The citizen as a selfie. The question is how to use selfies in a socially relevant way that not only reinforces self-obsession. An example is certain forms of performative art that use selfies. The project Inside out (www.insideoutproject.net/en) consists of organizing a group that will promote a specific issue with a slogan. Anyone can participate. The group must have at least five participants, who then submit portraits of themselves. These selfies are printed as posters in large format, and sent back so that the participants can exhibit them by, for example, pasting them up in the local community. Here, selfies can form the basis for collective, political actions.
The selfie phenomenon therefore does not have to be just an expression of growing narcissism. Jocelyn Evans at the University of West Florida talks about "citizen-as-selfie", a new starting point for engaging in civil society. Last year's Facebook campaign to raise money to fight ALS (amyotrophic lateral sclerosis) fits well with this perspective.
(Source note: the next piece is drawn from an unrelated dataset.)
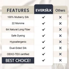Silk Pillowcase for Hair and Skin: 100% Mulberry Silk - 22 Momme Silk Pillow Cases - Both Sides Grade 6A Pure Silk Pillow Covers with Hidden Zipper, Ideal Gifts, 1 Piece (King, Pink) Product Details Size: King 20''×36'' Color: Pink Brand: EVERSILK MPN: SILKPILLOWCASE001 UPC: Does not apply EAN: Does not apply Brand: EVERSILK Pillow Type: Bed Pillow Material: Silk Size: King 20''×36'' Product Dimensions: 36"L x 20"W Thread Count: 360 Fabric Type: 100% Pure Mulberry Silk, 22 Momme 6a High-grade Long Fibers Product Care Instructions: Machine Wash Material Type: Silk Item Display Dimensions: 36 x 20 inches Item Dimensions L x W: 36"L x 20"W Size: King 20''×36'' Closure Type: Zipper Additional Features: Cooling, 22 Momme 6A Grade Natural Fibers, Reuseable, 100% Pure Mulberry Silk, Breathable Recommended Uses For Product: Wear & Tear Protection Pillow Type: Bed Pillow Theme: No theme Pattern: Solid Style: Classic Color: Pink Number of Sets: 1 Number of Pieces: 1 Brand Name: EVERSILK Number of Items: 1 SILK PILLOWCASE FOR HAIR AND SKIN: With 7.4% low friction, EVERSILK silk pillowcase reduces frizz, tangles, breakage, especially for curly hair. Its natural fibers keep skin hydrated, minimize sleep lines, and help ease sensitive skin issues like dryness REAL SILK, TRUE BENEFITS: The EVERSILK 22 Momme silk pillowcase, made from real 100% pure mulberry silk, has lower friction and moisture absorption than satin or cotton. Enjoy the comfort that pure silk can offer WHY EVERSILK? Our rigorously crafted silk pillow case use over 1500 meters of 6A+ grade mulberry silk. Featuring safe dyeing and a reinforced zipper, they blend shine, thickness, softness, and durability THE SECRET TO BETTER SLEEP: EVERSILK silk pillow cover naturally adjusts temperature, keeping you cooling in summer and warm in the winter. By minimizing temperature fluctuations, ensuring you enjoy comfortable sleep all year round A GIFT OF LOVE: Treat yourself and loved ones with EVERSILK silk pillowcases, available in various colors and sizesStandard, Queen, King. Elegantly packaged, perfect for special occasions like birthdays, Mother's Day, Thanksgiving, or Christmas

In one month, $ 100 million was raised. Participants were given the choice of pouring a bucket of ice water over their heads or paying $ 100. And each participant challenged three new friends. The action thus spread like a virus. The intimacy of the public combined with commitment gave positive results. However, most people were most concerned with sending selfies of themselves regardless of the case. ("Funniest ALS Ice Bucket Challenges" has over 10 million hits on YouTube.)
Here we have a good example of Bernard Mandeville's (1670–1733) old insight that private vices can be transformed into public virtues. This technique is well suited for transforming selfie selfishness into altruism.


Tjønneland is Dr. philos. and regular writer in Ny Tid. e-tjoenn@online.no

Eivind Tjønneland
Eivind Tjønneland
Historian of ideas and author. Regular critic in MODERN TIMES. (Former professor of literature at the University of Bergen.)